思春期の恋だが、ふたりが始終ラブラブではない。まずは、黒龍がマフィアのボスと知って、来実が黒龍を怖がる。目の前で人を殺されたら、やっぱり怖いだろう。次に、取り巻きだった女性たちが出てくる。闇世界のボスだし、見てくれもハンサムだから、いろんな女性とも交渉がある。大会社の令嬢やら仕事がらみで近寄ってくる芸能人やら・・・けれども、本気で好きになったのは来実が初めてという設定だ。だから余計、女性たちの嫉妬をかきたてる。自分の組織の中にも、来実に対していい感情を持たない部下も出てくる。ボスを虜にした嫉妬があれば、好奇心で来実をみていて、本気になってしまった者もいる。もちろん、対抗組織は、黒龍の弱点として来実を放っておかない。いろいろな思惑が重なり、黒龍と来実の感情も絡み合って、通じ合わなくなってしまう。相手のことが、お互いに好きなのに、それを素直に相手に伝えられないのを見ている読者はじれったい。

やっと気持ちが通じあえたと思ったら、黒龍は殺されてしまう。それもズブの素人に。相手が素人だから、油断したというべきか。呆気ない最期だった。シンデレラ物語でハッピーエンドにならない意外な結末だ。
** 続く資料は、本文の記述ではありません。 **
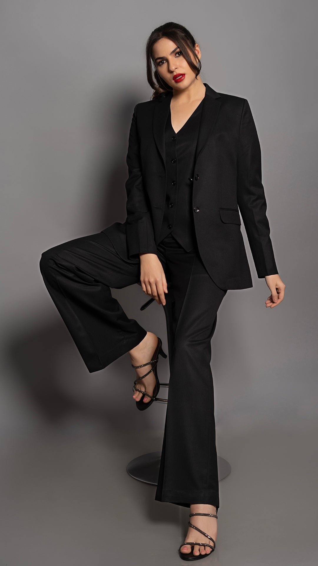 All black, all power. This three-piece suit is sharp, sculpted, and always in style — the ultimate wardrobe essential for bold women.

結局、来実は短い夢をみていたような感じがする。黒龍が拾ってきた猫、ミルク(来実の反対読み、うまい!)が唯一、夢物語ではなく、黒龍がこの世にいたことを証明するような終わり方だった。苦難を乗り越えて、ハッピーエンド・・・のシンデレラ物語が多いので、ちょっと寂しい気持ちになる。展開がジェットコースターだったからか、黒龍が生き急いだ感もある。